CHP Genel Başkanı Özgür Özel, AK Parti'nin 31 Mart yerel seçimleri yenilgisinin ardından "demokrasi treninden" indiğini ileri sürerek, "Önce seçimli otoriterlik kuranlar, şimdi seçimsiz bir diktatörlüğe geçmenin hevesi içindeler. Atatürk'ten miras cumhuriyete, demokrasiye sandığa saldırıyorlar. Çok partili rejime saldırıyorlar. Bu iktidar demokrasi istemiyor. Biliyorlar ki demokrasi olsa sandıktan çıkamayacaklar. Biliyorlar ki adalet olsa kendi suçlarını örtemeyecekler. Biliyorlar ki barış olsa bu milleti kutuplaştıramayacaklar. Ama and olsun ki adaleti de demokrasiyi de barışı da biz getireceğiz, bu meydanlar, bu eylemler, bu direniş getirecek" ifadesini kullandı.
Özel, CHP İstanbul İl Başkanlığı'na kayyım atayan hakimin eşinin İBB'nin AKP'de olduğu dönemde belediyenin avukatlığını yaptığını açıklayarak; "İstanbul 45. Asliye Hukuk Mahkemesi'nde birini buldular. Kim o? 5 yıl boyunca eşi, İBB AK Parti'deyken avukatı, AK Parti rozeti taşırken sınava girdiler. Karı koca hakim yapıldılar! Talimatı almış bir avukat, gününde başvurdu. Talimatı almış bir mahkeme, normalde o davayı Ankara’ya gönderecekken orada kabul etti. Eylül sonunda ‘mahkeme açtım’ demişken adli tatil dönüşü ilk gün işlemini yaptı ve İstanbul İl Başkanlığına kayyım atadılar" dedi.

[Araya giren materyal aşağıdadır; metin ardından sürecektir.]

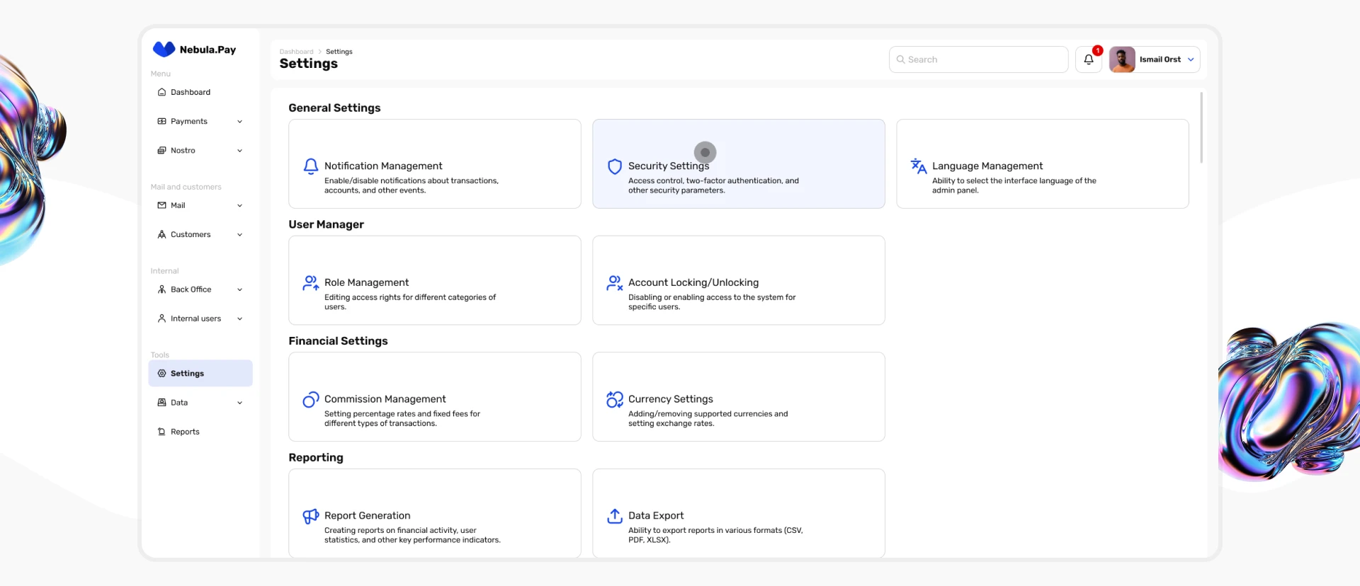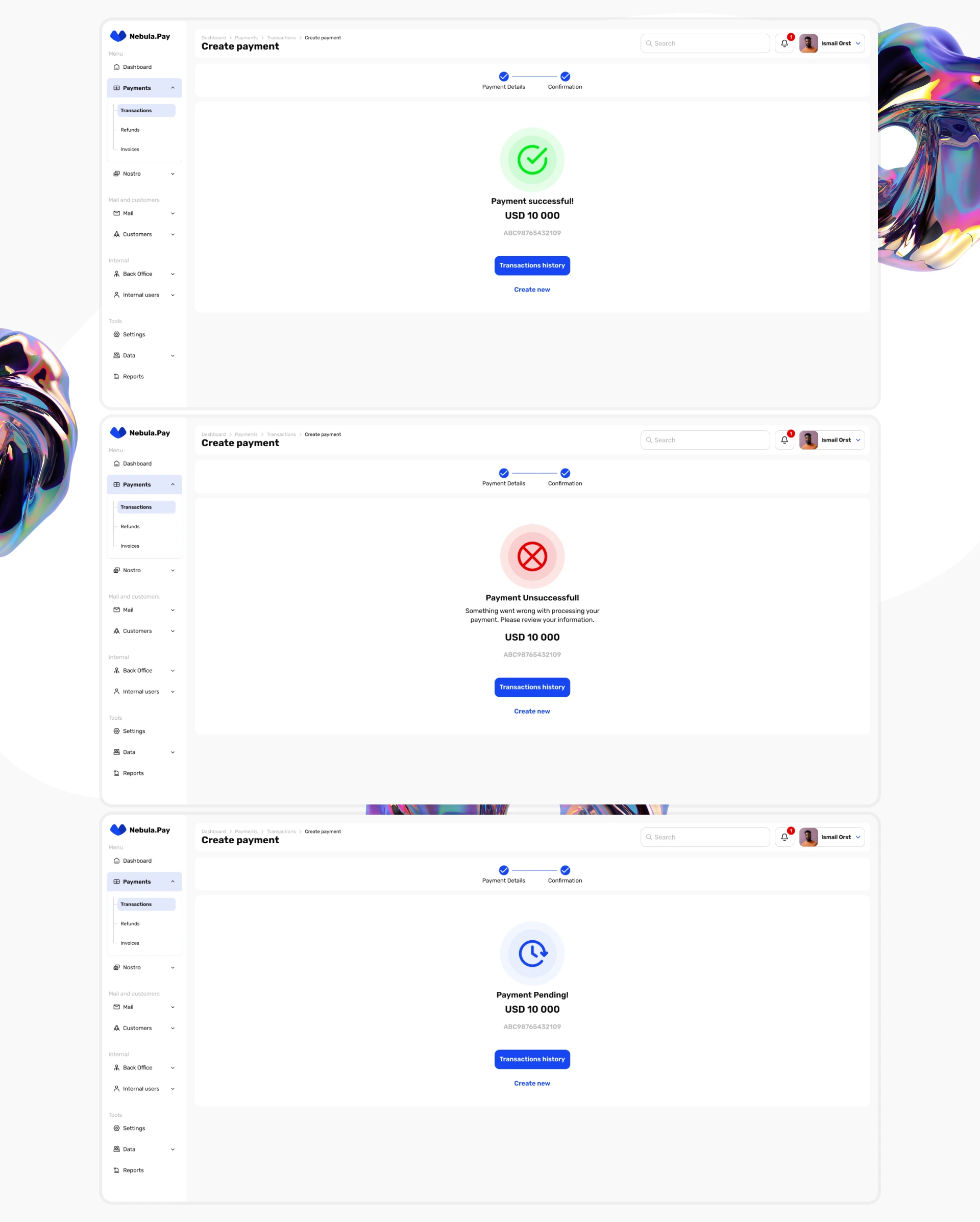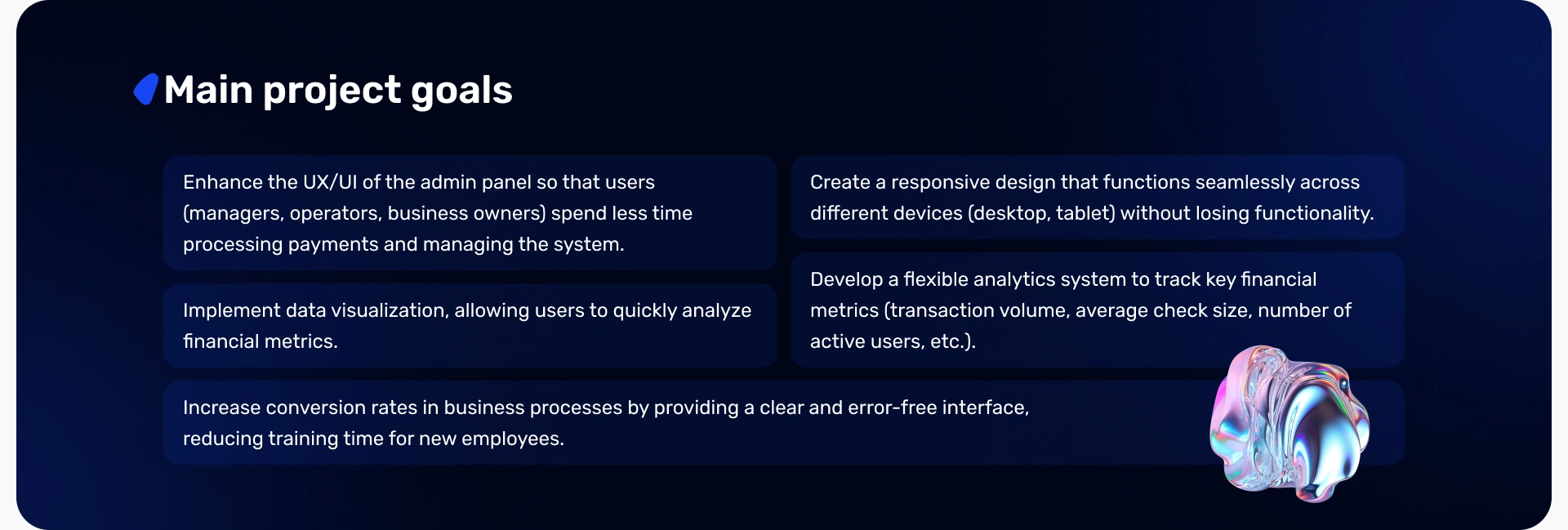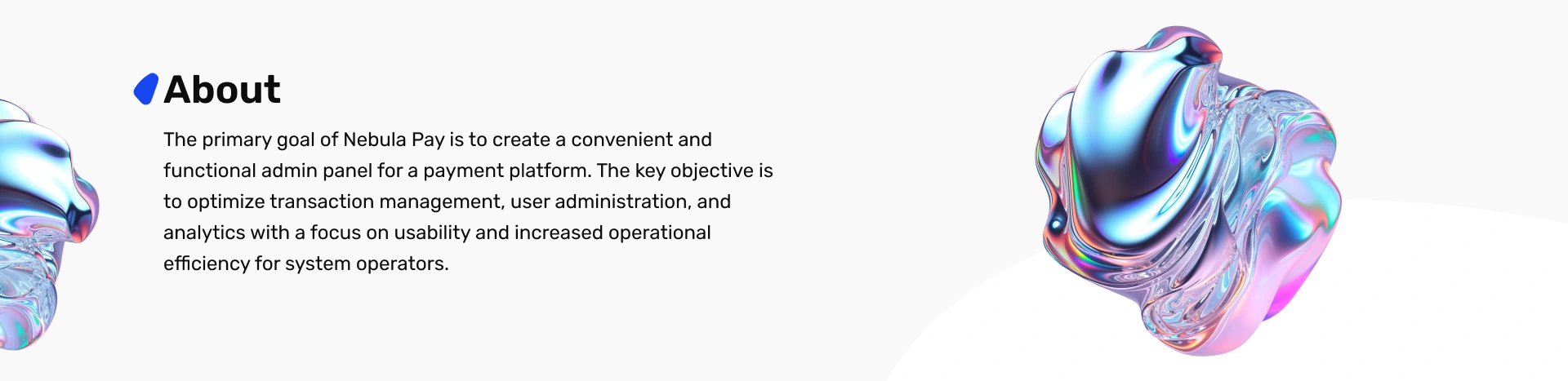 The primary goal of Nebula Pay is to create a convenient and functional admin panel for a payment platform.

CHP Genel Başkanı Özgür Özel, Ankara'nın Tandoğan Meydanı'nda "Vesayet Değil Siyaset! Kayyıma, Darbeye Hayır" mitinginde yaptığı konuşmada, "Bugün bu tarihi meydanda yine tarih yazıyoruz. 1950'lerde Kıbrıs mitinglerinin, 1959'da büyük işçi mitinglerinin, 6'ncı Filo'ya karşı bağımsızlık mitinglerinin yapıldığı meydandayız. 70 yıldır haksızlığa direnenlerin meydanındayız. Bugün de vesayete ve darbeye hayır demek için buradayız. Vesayet değil siyaset demek için buradayız. Tandoğan Meydanı'nda dün akşam saatlerinde 500 bin kişi doldurabilir burayı dedikleri arama noktalarını 6 kere ileri aldınız, milyonlar oldunuz Tandoğan'a aktınız" ifadesini kullandı.
Özel, şunları kaydetti:
"Serbest seçimler için eylemdeyiz"
"Serbest seçimler için eylemdeyiz, demokrasi için eylemdeyiz. Bugün burada sadece CHP'liler yok. İşçiler burada, emekliler burada, kadınlar burada, farklı partilerden demokratlar burada. Türkiye İttifakı'nın tüm renkleri ile kol kola bu meydandayız. Bugün vesayet değil siyaset diyenler burada. Kayyıma, darbeye hayır diyenler, 19 Mart darbesinden sonra 54'üncü kez bu meydanda direnenler bu meydanda. Türkiye'nin dört bir yanındaydık. Trabzon'da gördüm sizi, Bayburt'ta, Çanakkale'de, Erzurum'da, Konya'da, Türkiye'nin dört bir yanında buldum sizi."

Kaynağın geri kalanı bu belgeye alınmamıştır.